Today I watched the amazing Jae West of The Liberator Family bravely stand nearly naked on a busy city street. She stood for all of those with eating disorders and disabling body image issues. She stood blindfolded with pens in her hands and a sign asking people to draw a heart on her body to help her love herself; to help us love ourselves.
What is it that we see when we look at ourselves with unkind eyes? What is it that we see when we look at someone else with unkind eyes? We do it all the time. I look terrible in that picture. What’s wrong with her? Why would anyone wear that? These are trivial comments on one level. But on a deeper level, this harsh way of looking at ourselves, at others, is the most fundamental way in which we cast out, shun and “other” our very selves and our neighbors. My goal is this: the next time I look harshly, and it will likely be at myself, I plan to stop and point by point articulate what I see. I suspect that in the hurry of these commonplace harsh thoughts, we are sweeping over things that we would not actually want to inflict if we were mindful of what we were saying. So I will draw it out, come face to face with that personal meanness, and see if I can rummage around in myself and find a gentler voice.
This is my time to clear a path or two for those that come behind me. Surely I can do this. I know enough. Now I just need to bring that knowledge into my core. Maybe I can help my younger sisters to get to a place of self love sooner than I did.
What do you think? Is the world ready for a gathering of nearly naked crones on a busy city street? Meanwhile, I will work on my clay Crone Vessels and think about it:)

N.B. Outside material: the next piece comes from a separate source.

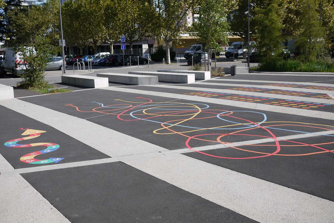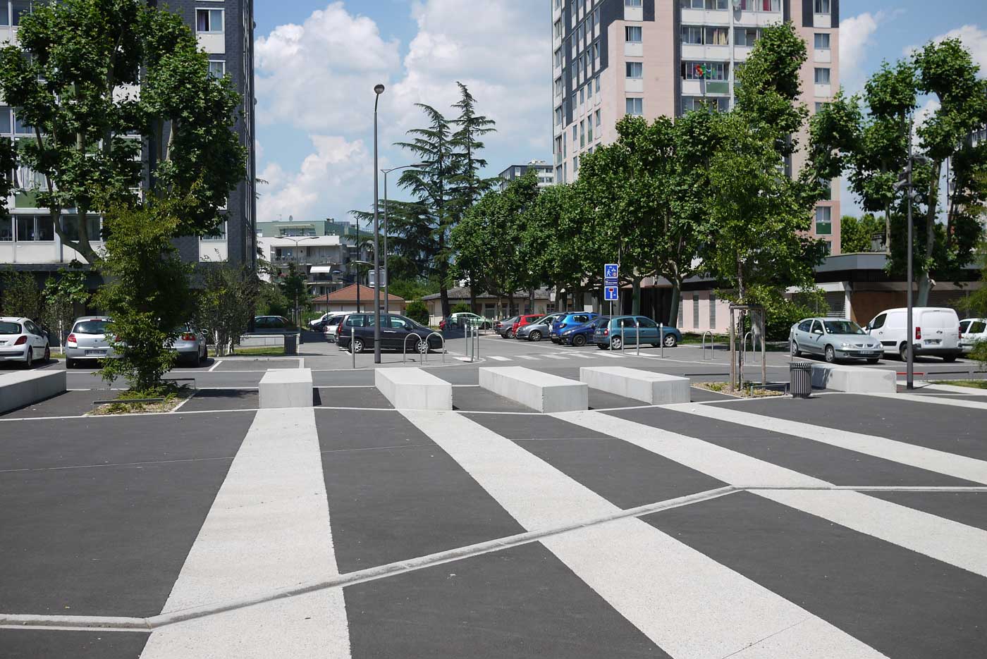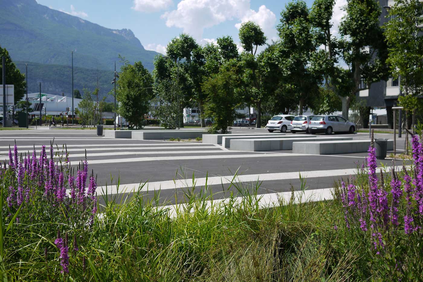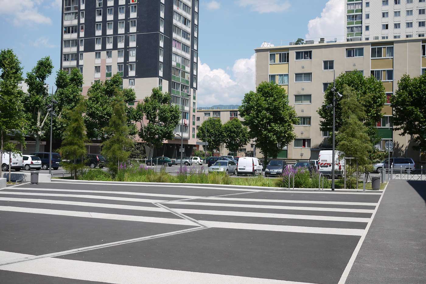 Chaque espace est accompagné d’une démarche de gestion des eaux pluviales, un parcours de l’eau amène les eaux de ruissellement jusque dans les zones d’infiltration. Sur la place centrale des fontaines à boire viennent animer l’espace, grâce à un travail de gestion des pentes les eaux ruissellent jusque dans les noues présentes à cet effet pour finir leur course dans la zone d’infiltration.

As I have aged, I have become more appreciative of the vessel that is my body. As time and illness and injury have each taken its toll on my physical vessel, I have come to regard my body as an imperfect, wonderous miracle. It is with kinder eyes that I see myself now: lumps, bumps, bulges. I can feel how hard my heart works, scarred though it is, to supply enough oxygen rich blood to get me up a short set of stairs or across the street. It is an effort. I notice that. I appreciate it. I’m thankful for it.
Conversely, as a young woman, I led a busy and very physical life. Working. Raising children. Engaging in my favorite spiritual past times: hiking, swimming, kayaking, walking. The list goes on and on. I enjoyed using my body and I demanded a lot of it. In significant ways, I took my youth, my beauty and my health for granted. I was far to busy to THINK about it. When I was still, I was in nature, thinking about oneness and connection. I felt a great kinship with the land, the sea and the sky. That meant a lot to me. But I did not fully appreciate the vessel that allowed me to BE.
I imagine that my son and my husband, both of whom have had to contend with severe physical challenges, have long been more aware of their vessels. Imperfection, physical imperfection, was and is something that they have to confront in every instance that they live and breathe in this world. I will venture to say that I bet they never take their bodies for granted. But those of us with fully functional bodies usually do. Until we age or until something goes wrong.
Rumi says there are a hundred ways to kiss the ground. My way is through clay. I make clay vessels, one of a kind, unique. Each is meant to be a meditation on the beauty inherent in imperfection. Invite me into your story and let me make a vessel in honor of your beauty.
In some ways, I see the entirety of my life thus far as one of spiritual engagement with imperfection. As a child confronted with fearful circumstances, I took refuge in trying hard to be as perfect as possible. As a young adult, I continued in that mode and extended it to being the very best mother i could be. I knew I couldn’t do that perfectly, but I expected myself to be as good a mother as was humanly possible. In particular, I took my childhood sense of an unsafe world, and looked to heighten my awareness of dangers that could befall these children that I loved so very much, and redoubled my efforts to protect them. However, I learned, through a brutal accident, that I am impossibly imperfect, that I had no choice but to be so very human, so very imperfect, in a world that could meet out danger in horrific ways. My young son learned that lesson with me, and I always felt, suffered the great burden of my humanity. He was scalded in a kitchen accident, a week after his third birthday. I had been careful. I had been vigilant. Still, the unthinkable happened. He lost over half his skin and was burned over 75 per cent of his body. Our lives were never the same.
It is now 22 years later. I have no interest in perfection or flawless beauty. I study the astounding beauty in the human, the imperfect, the flawed. I create with clay because I find it to be the most intimate of art forms. My fingers, the red georgia clay, and together we find something of grace. My current work is in creating vessels, using the basic pinch pot and other hand forming techniques. The work is intuitive, ungainly, imperfect, and, to my eyes, graceful. I call my latest work “Crone Vessels.” They, along with my Goddess sculptures ( called The Ancients), represent my reflections on what it means to be a woman in these later years, after childrearing, after menopause, after the “beauty” of youth. I hope in the lumps and bumps and dents and wobbles that you find some of that Grace that I feel I’ve held in my hands.